Set up your first workflow with bem

This guide walks you through setting up a simple workflow that extracts structured data from invoices using bem's API. You'll learn how to:

  1. Create and configure a transform function with a data schema you can customize
  2. Create and configure workflow that uses the function
  3. Call the workflow with a file as input
  4. Retrieve your results via polling or webhooks

Prerequisites

  • A bem account (you can sign up for free!)
  • An API key (you can generate one in Settings > API Keys through our UI)

Step 1: Create a Transform Function

First, create a transform function that defines the structure you want to extract from invoices.

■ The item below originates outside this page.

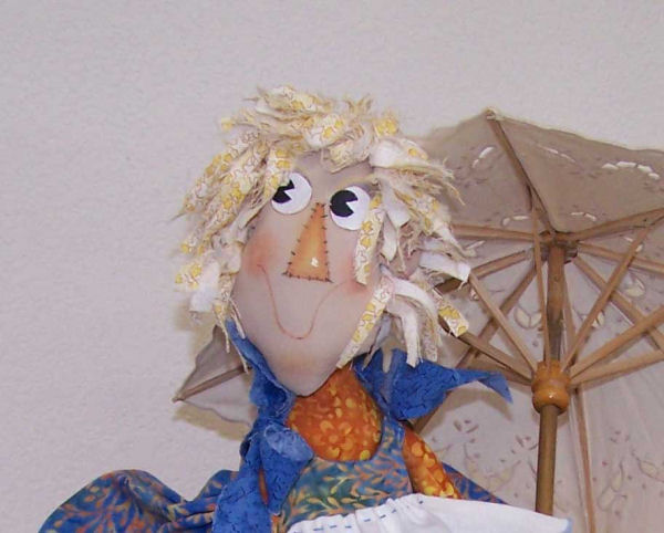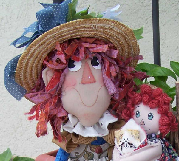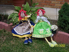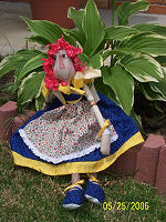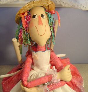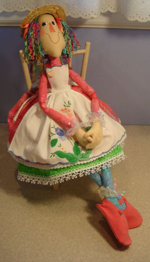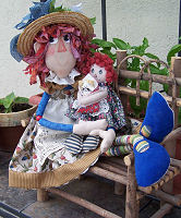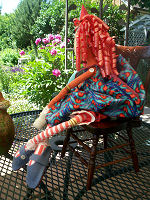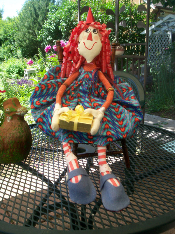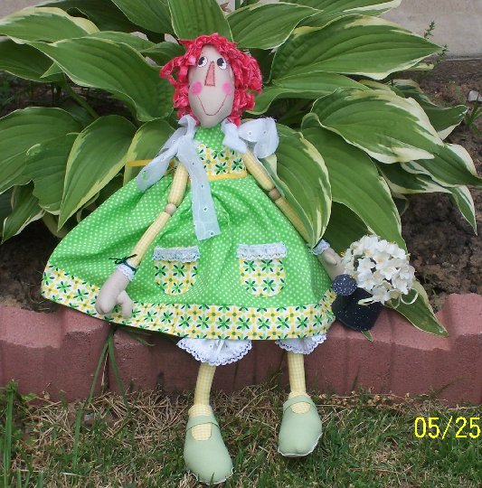 She is made of modern fabrics. I used bright and cheery colors. I made 2 dolls
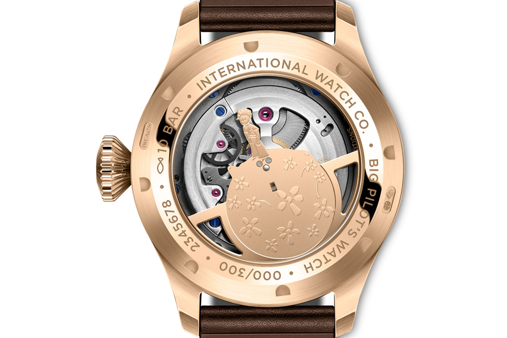 What catches the eye, however, is not only the tourbillon on the dial. There is also the back. In fact, the transparent back reveals the oscillating weight to the eyes, a small work of art in solid gold in the shape of the Little Prince standing on his own planet. A detail that was already present on the 2016 limited edition of the Big Pilot’s Watch Annual Calendar.

curl -X POST https://api.bem.ai/v2/functions \
  -H "Content-Type: application/json" \
  -H "x-api-key: YOUR_API_KEY" \
  -d '{
    "functionName": "invoice-extractor",
    "type": "transform",
    "displayName": "Invoice Extractor",
    "outputSchemaName": "Invoice",
    "outputSchema": {
      "type": "object",
      "required": ["invoiceNumber", "vendor", "totalAmount"],
      "properties": {
        "invoiceNumber": {
          "type": "string",
          "description": "The unique invoice identifier"
        },
        "invoiceDate": {
          "type": "string",
          "description": "Date of the invoice in YYYY-MM-DD format"
        },
        "dueDate": {
          "type": "string",
          "description": "Payment due date in YYYY-MM-DD format"
        },
        "vendor": {
          "type": "object",
          "properties": {
            "name": {
              "type": "string",
              "description": "Company name of the vendor"
            },
            "address": {
              "type": "string",
              "description": "Full address of the vendor"
            }
          }
        },
        "lineItems": {
          "type": "array",
          "description": "Individual items on the invoice",
          "items": {
            "type": "object",
            "properties": {
              "description": {
                "type": "string",
                "description": "Description of the item or service"
              },
              "quantity": {
                "type": "number",
                "description": "Number of units"
              },
              "unitPrice": {
                "type": "number",
                "description": "Price per unit"
              },
              "amount": {
                "type": "number",
                "description": "Total amount for this line item"
              }
            }
          }
        },
        "subtotal": {
          "type": "number",
          "description": "Sum of all line items before tax"
        },
        "taxAmount": {
          "type": "number",
          "description": "Total tax amount"
        },
        "totalAmount": {
          "type": "number",
          "description": "Final total amount due"
        }
      }
    }
  }'

Response:

{
  "functionID": "fn_2abc123xyz",
  "functionName": "invoice-extractor",
  "displayName": "Invoice Extractor",
  "type": "transform",
  "currentVersionNum": 1
}

Step 2: Create a Workflow

Create a workflow that uses your transform function. Workflows provide a stable entry point for processing and can be extended later with additional functions.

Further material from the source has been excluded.